= WHAT YOU ARE ASKED TO DO =
Print exactly the lines below between the line containing "Give your bedroom" and the line containing "Sunlit hues of", counting both of those lines. Leave pictures out.

------ SOURCE MATERIAL

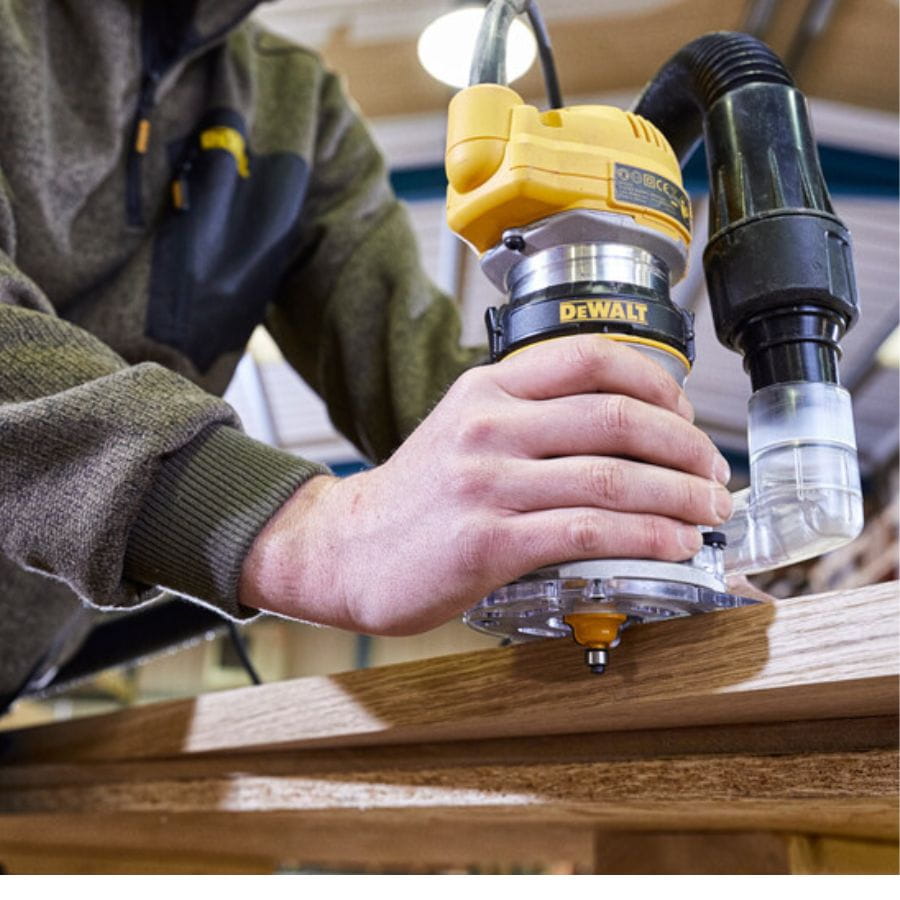 Frezarka krawędziowa DeWalt D26200 900W z tulejką 8 mm, regulacją obrotów i podświetleniem LED. Stabilna, precyzyjna, idealna do drewna, tworzyw i aluminium. Kompatybilna z wieloma akcesoriami.
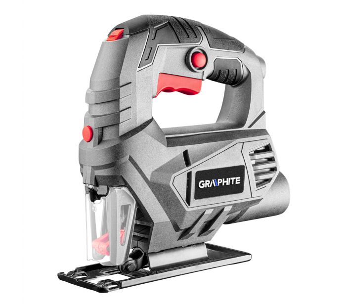 Wyrzynarka GRAPHITE 58G047 przeznaczona do precyzyjnego i szybkiego cięcia drewna i metalu o maksymalnej grubości odpowiednio drewno 55 mm i stal 6 mm.
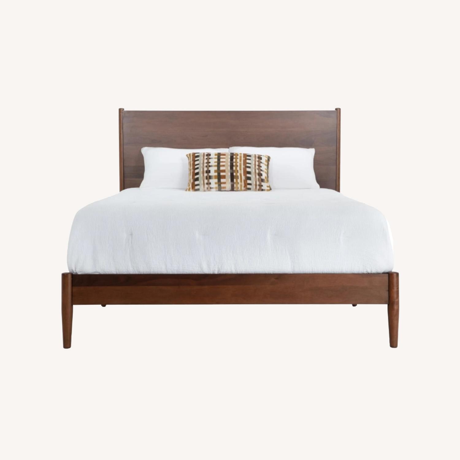 Give your bedroom a mini mid-century modern makeover! My Bettie bed has sleek walnut veneer legs and warm wood tones—just add some funky wall art to complete the look!
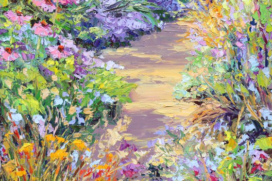 Sunlit hues of pink, purple and yellow flowers surrounded by greenery invite the viewer to take a visual stroll down this lovely garden path.
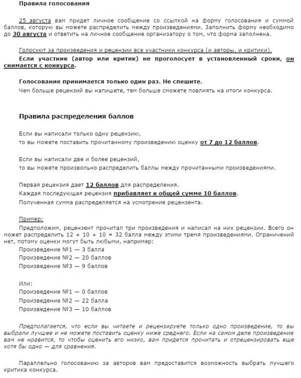Вместо того, чтобы сделать ясную и простую интерактивную разбалловку, стимулирующую людей писать рецки и голосовать, у нас тама висит невнятное нечто про будующее голосование, которое без поллитры не поймешь, да и оно будет ПОТОМ, то есть не работает во время конкурса, а включится на пару дней невидимым функционалом, что опять же не придает конкурсу аттрактивности.
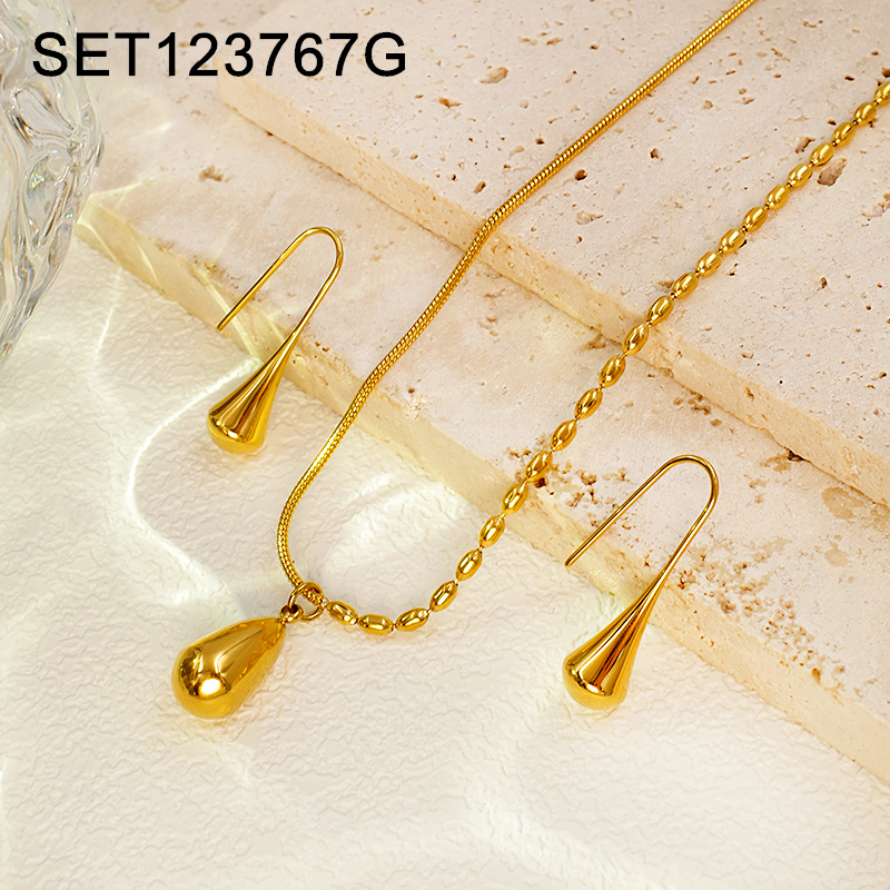 Level A Stainless Steel New Trendy Women Jewelry Solid Water Drip Golden SET

------------

= ANSWER TO THE PROBLEM =
 Give your bedroom a mini mid-century modern makeover! My Bettie bed has sleek walnut veneer legs and warm wood tones—just add some funky wall art to complete the look!
 Sunlit hues of pink, purple and yellow flowers surrounded by greenery invite the viewer to take a visual stroll down this lovely garden path.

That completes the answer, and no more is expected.